Problem description: What is needed is a word-for-word copy of the lines below from the one with "2 猪蹄刮洗干净,剁成小块,放入清水锅中烧沸,焯烫一下,捞出沥水。" through the one with "こうしてヤギと交流していると", both included, with every picture left out.
** Opening Input records block **
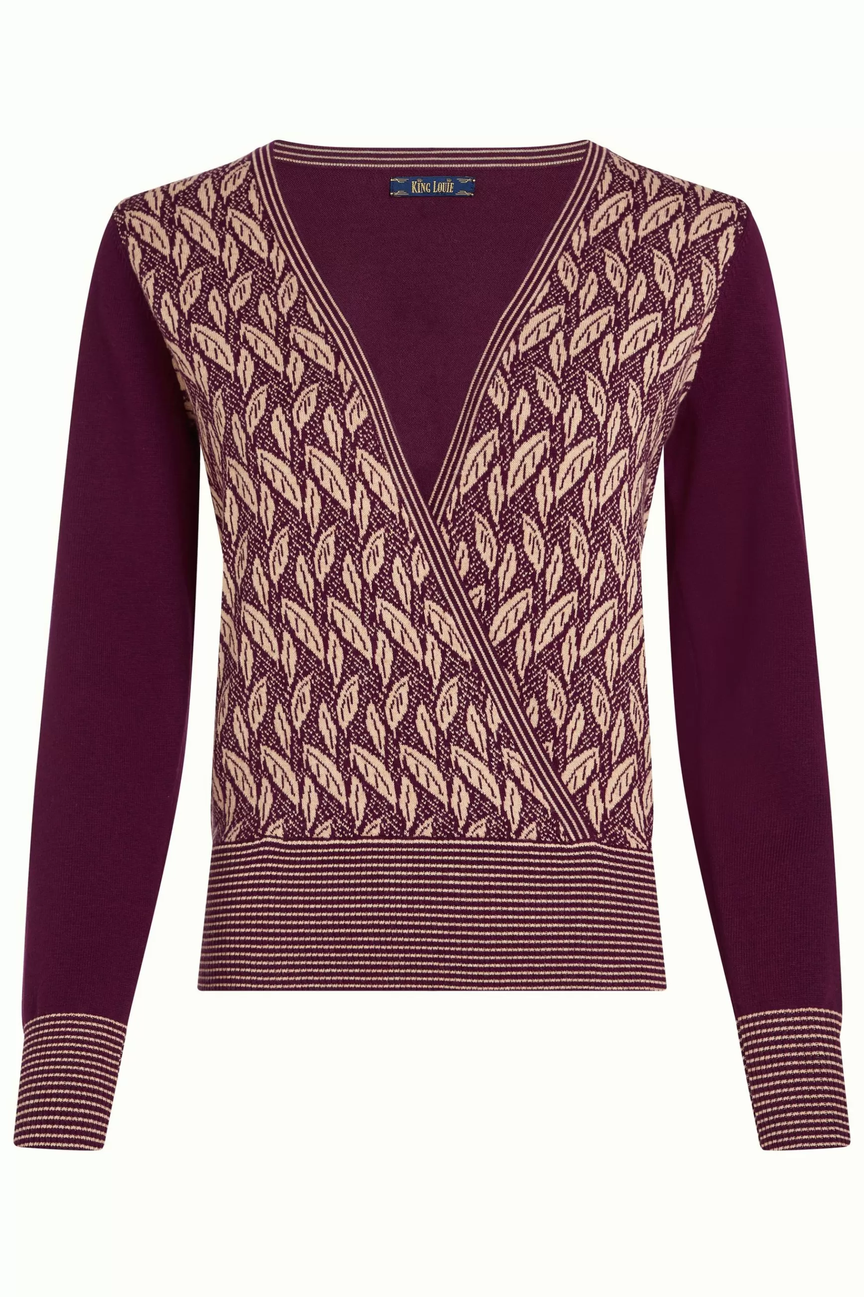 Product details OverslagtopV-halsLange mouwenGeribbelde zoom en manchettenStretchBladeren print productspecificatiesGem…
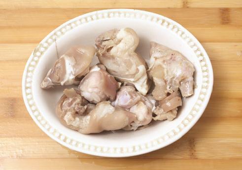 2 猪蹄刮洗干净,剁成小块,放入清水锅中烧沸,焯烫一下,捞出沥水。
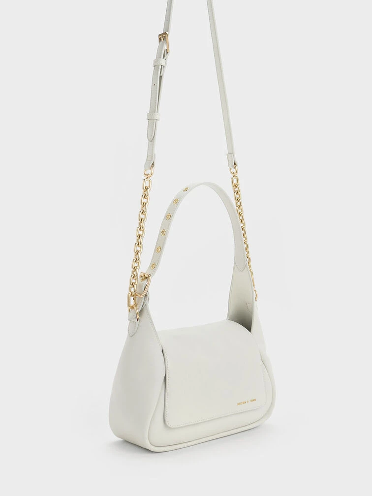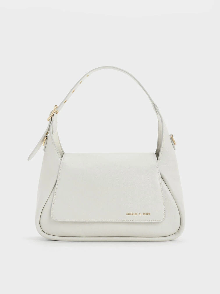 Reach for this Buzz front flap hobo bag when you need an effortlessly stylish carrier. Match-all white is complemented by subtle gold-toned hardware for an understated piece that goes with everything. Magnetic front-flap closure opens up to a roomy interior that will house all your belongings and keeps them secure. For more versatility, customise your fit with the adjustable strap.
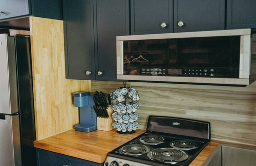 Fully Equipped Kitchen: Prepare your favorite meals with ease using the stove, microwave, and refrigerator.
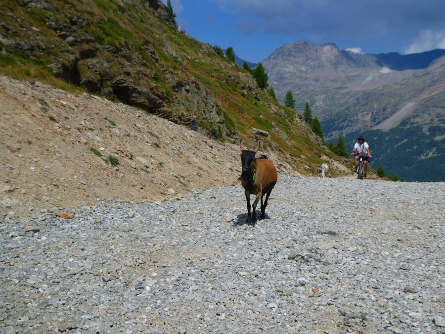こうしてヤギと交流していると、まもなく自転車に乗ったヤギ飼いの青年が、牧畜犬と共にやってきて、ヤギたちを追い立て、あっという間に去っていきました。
** Closing Input records block **
** Opening Input records block **
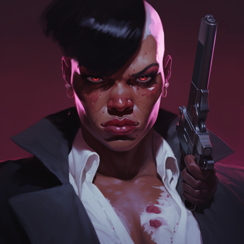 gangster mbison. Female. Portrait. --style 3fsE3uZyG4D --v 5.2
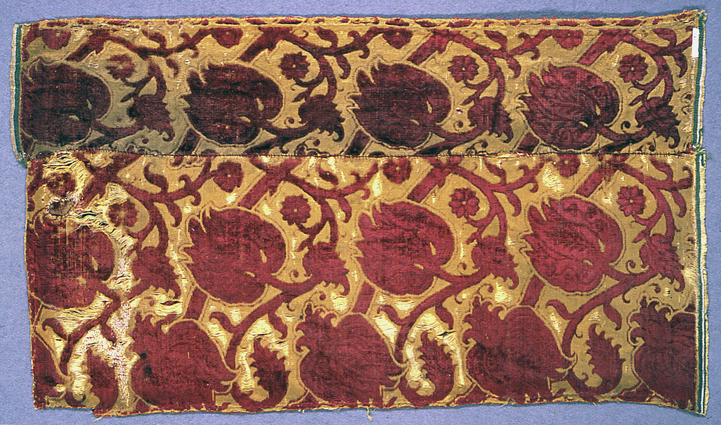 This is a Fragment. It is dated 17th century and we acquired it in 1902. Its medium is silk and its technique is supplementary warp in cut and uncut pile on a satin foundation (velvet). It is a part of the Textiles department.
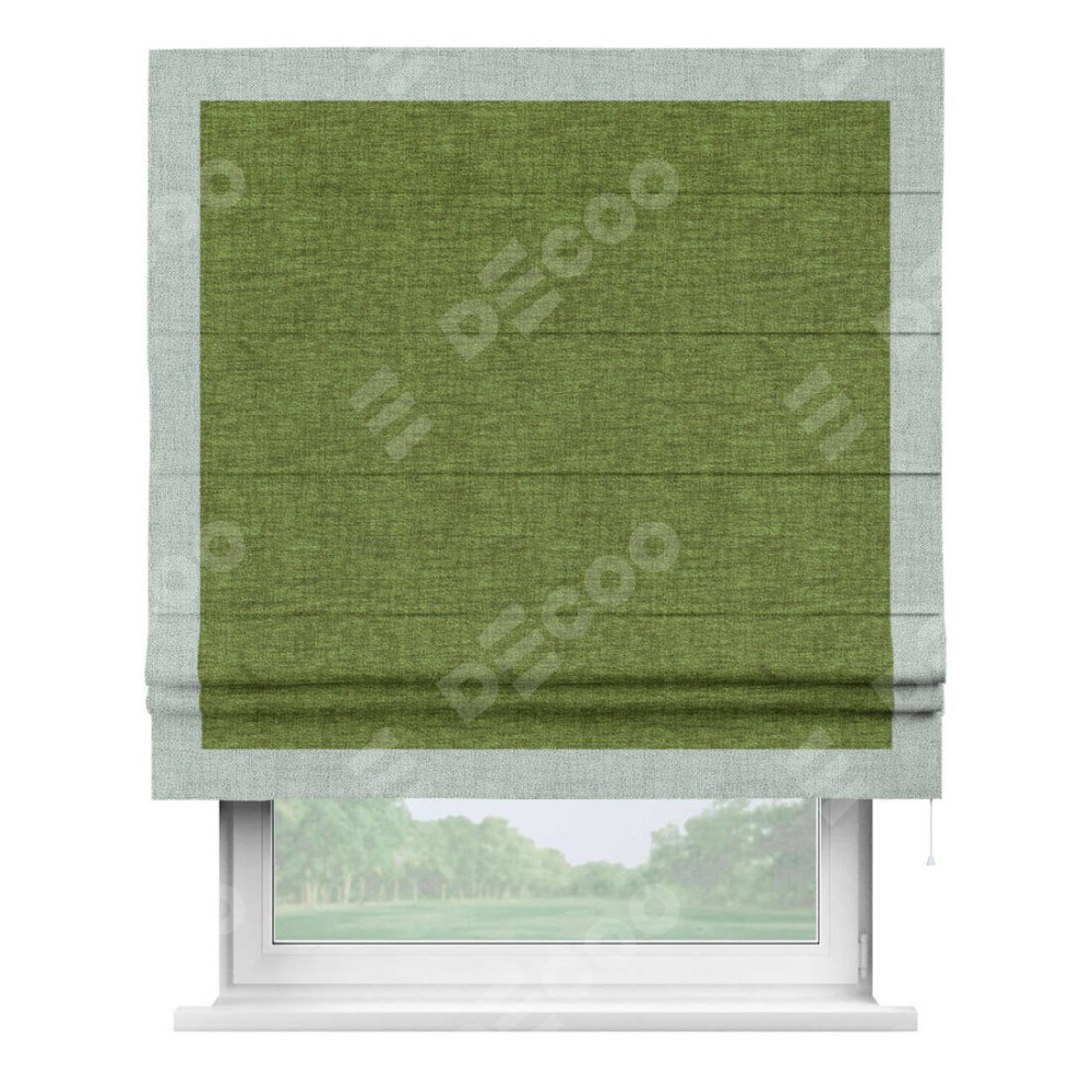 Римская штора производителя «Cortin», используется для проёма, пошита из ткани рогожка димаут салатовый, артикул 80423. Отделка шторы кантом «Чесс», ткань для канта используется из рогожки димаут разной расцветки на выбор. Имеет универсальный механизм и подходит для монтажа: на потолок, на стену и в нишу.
** Closing Input records block **
** Opening Input records block **
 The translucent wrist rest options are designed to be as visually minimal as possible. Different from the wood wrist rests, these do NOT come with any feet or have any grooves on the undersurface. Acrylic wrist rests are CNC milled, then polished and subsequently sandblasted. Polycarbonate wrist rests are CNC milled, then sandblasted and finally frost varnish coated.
** Closing Input records block **
The answer:
 2 猪蹄刮洗干净,剁成小块,放入清水锅中烧沸,焯烫一下,捞出沥水。
 Reach for this Buzz front flap hobo bag when you need an effortlessly stylish carrier. Match-all white is complemented by subtle gold-toned hardware for an understated piece that goes with everything. Magnetic front-flap closure opens up to a roomy interior that will house all your belongings and keeps them secure. For more versatility, customise your fit with the adjustable strap.
 Fully Equipped Kitchen: Prepare your favorite meals with ease using the stove, microwave, and refrigerator.
こうしてヤギと交流していると、まもなく自転車に乗ったヤギ飼いの青年が、牧畜犬と共にやってきて、ヤギたちを追い立て、あっという間に去っていきました。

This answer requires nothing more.